Excerpts from a dataset>
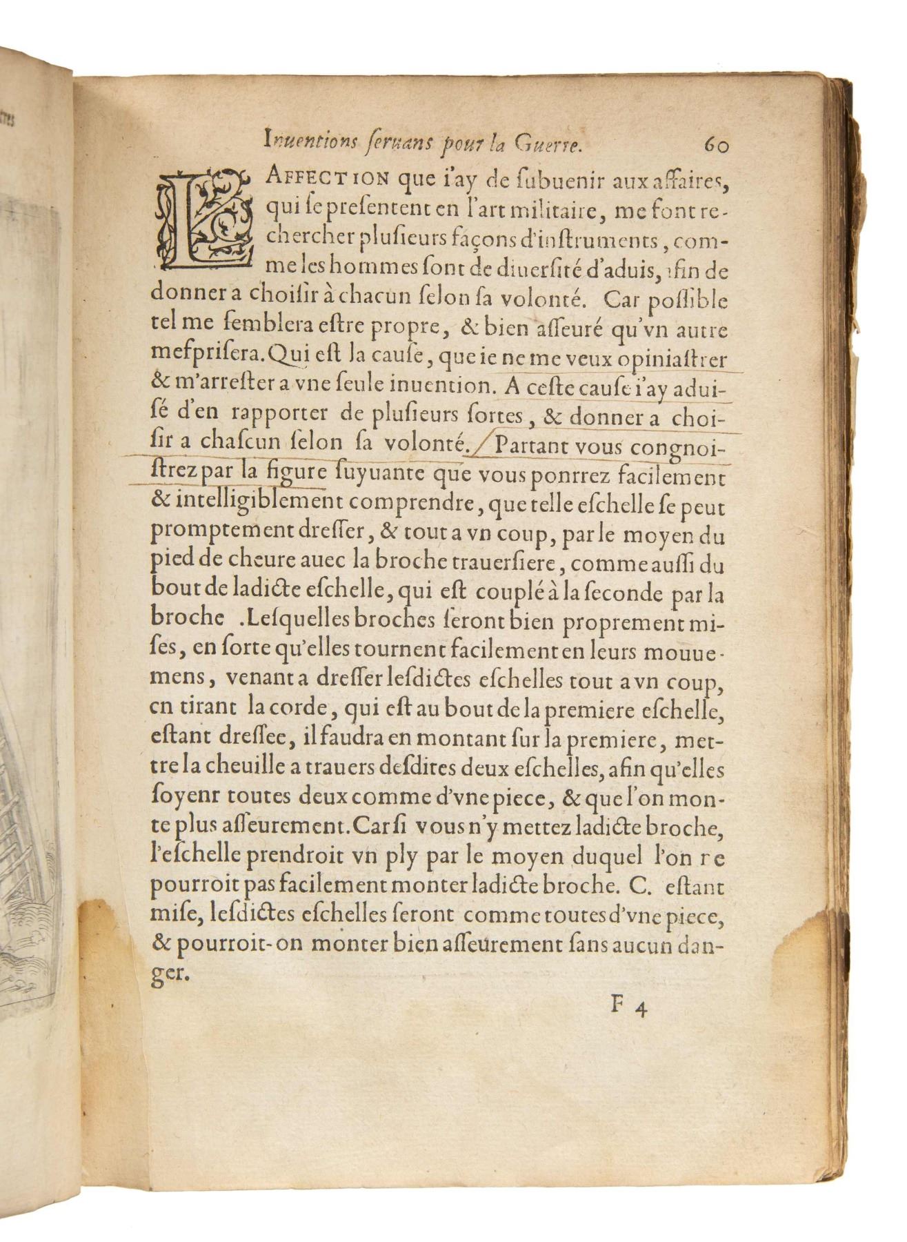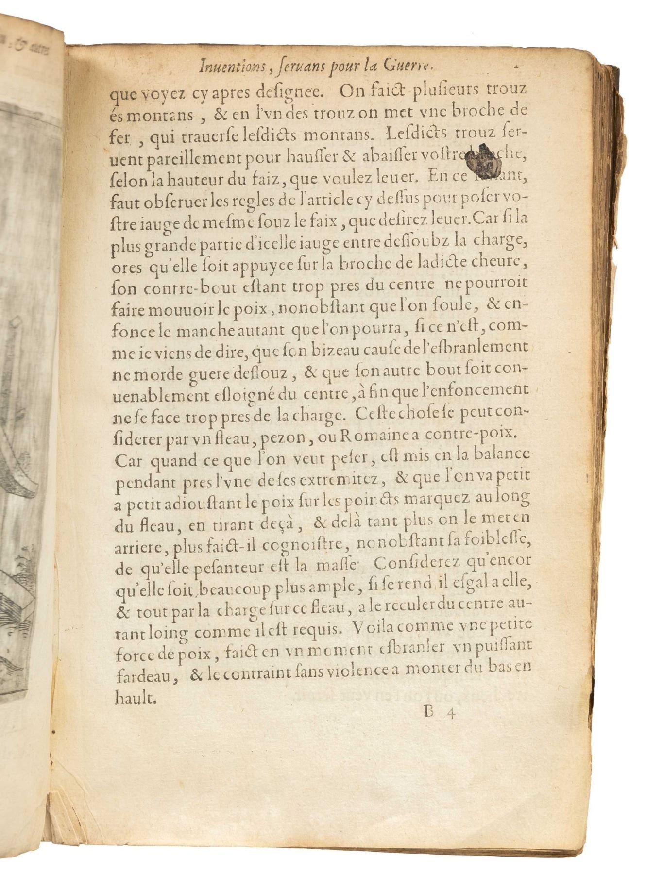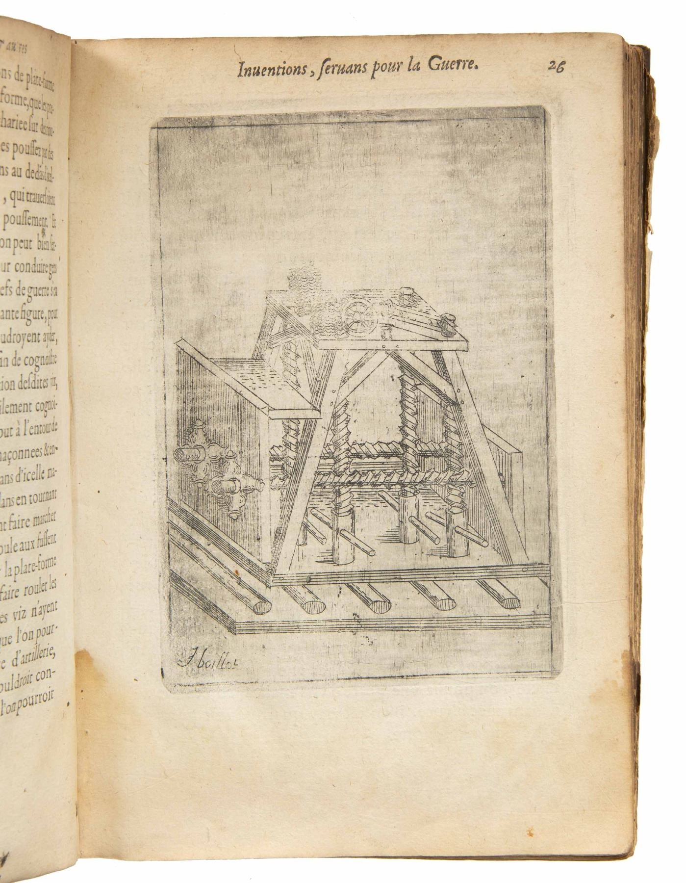 DE GUER BY JOSEPH BOILLOT. This first edition 1598 French artillery manual was written by one of the most learned men of his time, Joseph Boillot. The book appears to have its original animal skin covers with the title page intact. Remarkably, it appears that all 90 intriguing engravings original to the book are intact. The book details the use of gunpowder and artillery in warfare. Boillot was an engineer in the army of Henry IV famous for the Edict of Nantes. CONDITION: despite its great age the volume is quite stable and easily read, if you speak French. The engravings are clear and quite interesting. The covers are solid and have protected the pages well for 427 years. (02-25208/BF). $500-1000.
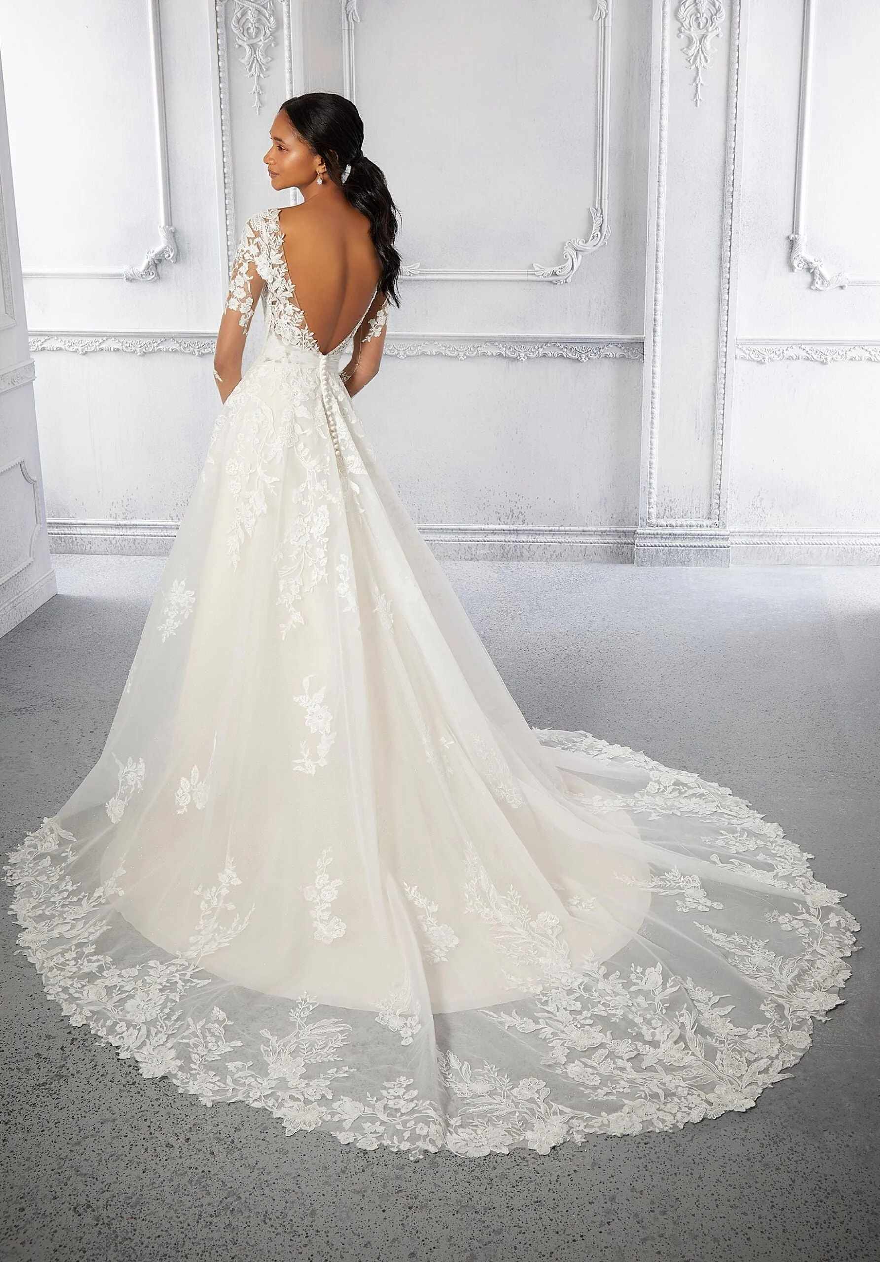 Our Chelsea designer wedding dress is a classic in the making with gorgeous beaded, frosted embroidered appliqués decorating the gown from its sheer long sleeves to scalloped hemline. The soft v-neckline matches the open v-shaped back, while detachable, draped fabric cinches in the waist to create a stunning silhouette. And we didn't forget the sparkle with the glitter net ball gown skirt. Shown in Ivory/Champagne/Honey. Available in three lengths: 55", 58", 61".
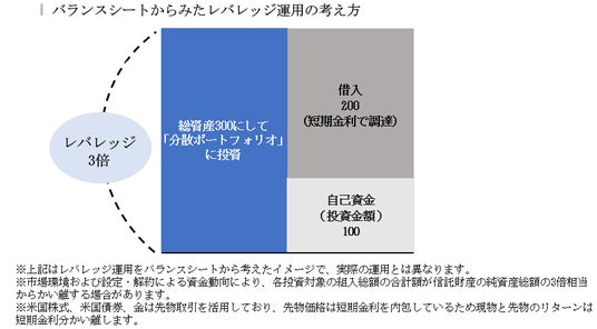 3倍のレバレッジをバランスシートから考えると自己資金(投資金額)100に対して借入で200を調達し、総資産を300にして「分散ポートフォリオ」に投資していると考えられます。実際には主に先物を活用して3倍のレバレッジをかけているので、理論上は先物価格算出における短期金利の部分が借入金利となります。よって投資収益はレバレッジ3倍の分散ポートフォリオのリターンから短期金利を引いた分となります。
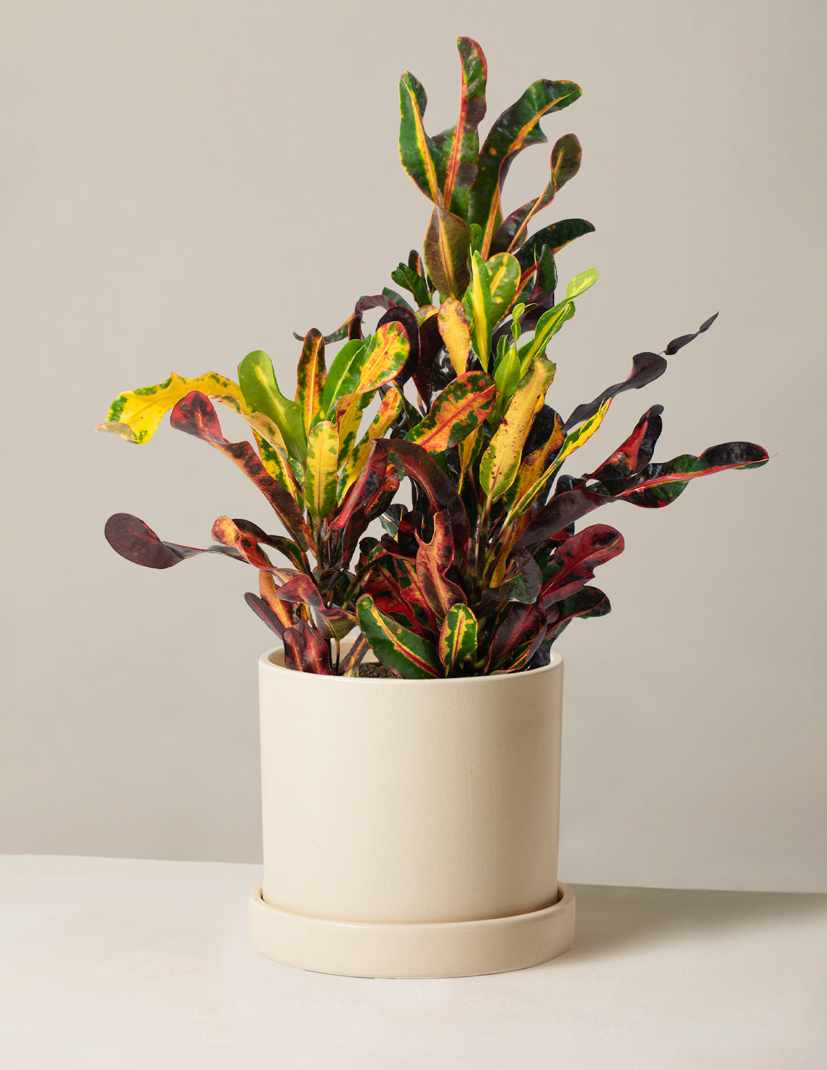 This variegated croton gets its name from its thin, twisty leaves, which are dappled in shades of red, yellow, green, and pink. The more light it gets, the brighter and more varied the colors become. To that point, this tropical plant requires bright direct sun. South- and west-facing windows are best.
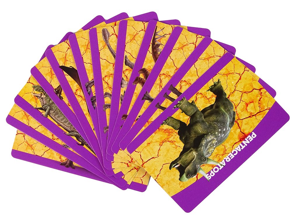 Oul uriaș ascunde 12 figuri de dinozaur, cardurile vă permit să identificați specia, iar descrierea de pe spate evidențiază o mulțime de informații utile. Ridică instrumentele și devii un explorator!
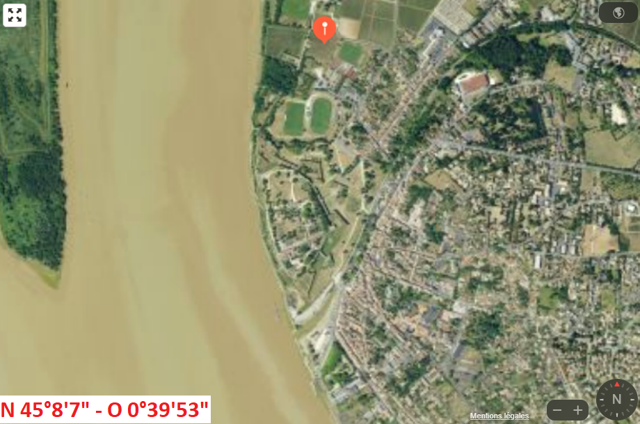 A 10 h 00 nous arrivons à Blaye (33) notre étape du jour. Le ciel est toujours très chargé quand nous nous posons sur une aire de CC payant, neuve, immense, mais par contre pas onéreuse. 6 € avec eau et électricité à volonté pour 24 heures.
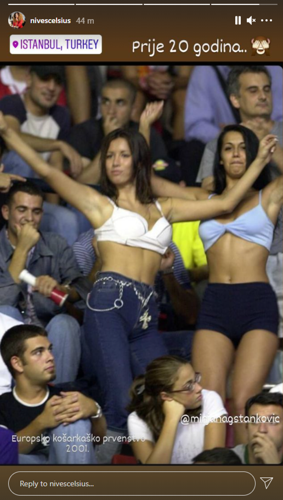 Spisateljica i pjevačica Nives Celzijus (39) na svojem je Instagram Storyju podijelila je fotografiju staru 20 godina. Istaknula je da je fotografija snimljena u Istanbulu na Europskom košarkaškom prvenstvu 2001. godine. Nives je bila obučena u traperice i bijeli kratki top, a bila je i navijački raspoložena.
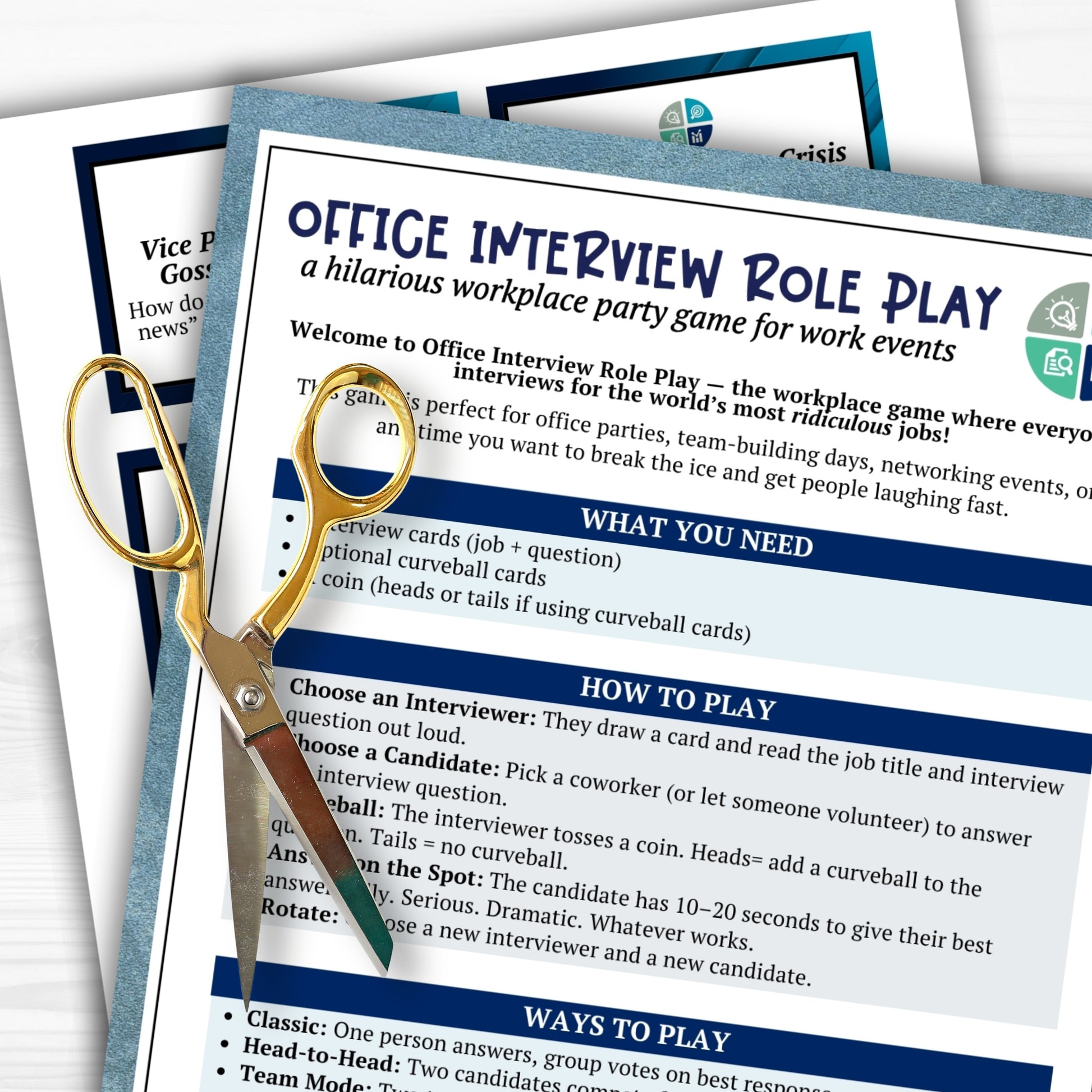 Players "interview" each other for ridiculous workplace roles, from Director of Office Vibes to Chief Meeting Avoidance Analyst, and answer improv-style questions on the spot.
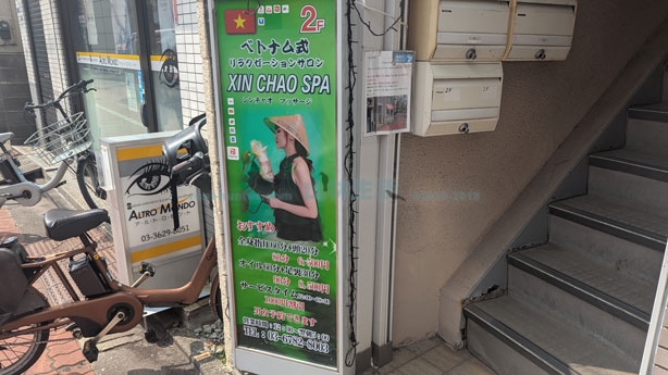 こちらは珍しいタイプのエステ店。この手の業種の多くが中国か韓国かタイか台湾。でもベトナム式が増えてもおかしくありません。在留外国人で一番多い国籍は中国ですがニ番目に多いのは韓国ではなくベトナムなんです。ここはアオザイ着た子がサービスしてくれそう。

Your task> Begin at the first line of the entries above and return each line exactly, stopping after the line that contains "Oul uriaș ascunde". Pictures do not belong in the copy.

Exercise response>
 DE GUER BY JOSEPH BOILLOT. This first edition 1598 French artillery manual was written by one of the most learned men of his time, Joseph Boillot. The book appears to have its original animal skin covers with the title page intact. Remarkably, it appears that all 90 intriguing engravings original to the book are intact. The book details the use of gunpowder and artillery in warfare. Boillot was an engineer in the army of Henry IV famous for the Edict of Nantes. CONDITION: despite its great age the volume is quite stable and easily read, if you speak French. The engravings are clear and quite interesting. The covers are solid and have protected the pages well for 427 years. (02-25208/BF). $500-1000.
 Our Chelsea designer wedding dress is a classic in the making with gorgeous beaded, frosted embroidered appliqués decorating the gown from its sheer long sleeves to scalloped hemline. The soft v-neckline matches the open v-shaped back, while detachable, draped fabric cinches in the waist to create a stunning silhouette. And we didn't forget the sparkle with the glitter net ball gown skirt. Shown in Ivory/Champagne/Honey. Available in three lengths: 55", 58", 61".
 3倍のレバレッジをバランスシートから考えると自己資金(投資金額)100に対して借入で200を調達し、総資産を300にして「分散ポートフォリオ」に投資していると考えられます。実際には主に先物を活用して3倍のレバレッジをかけているので、理論上は先物価格算出における短期金利の部分が借入金利となります。よって投資収益はレバレッジ3倍の分散ポートフォリオのリターンから短期金利を引いた分となります。
 This variegated croton gets its name from its thin, twisty leaves, which are dappled in shades of red, yellow, green, and pink. The more light it gets, the brighter and more varied the colors become. To that point, this tropical plant requires bright direct sun. South- and west-facing windows are best.
 Oul uriaș ascunde 12 figuri de dinozaur, cardurile vă permit să identificați specia, iar descrierea de pe spate evidențiază o mulțime de informații utile. Ridică instrumentele și devii un explorator!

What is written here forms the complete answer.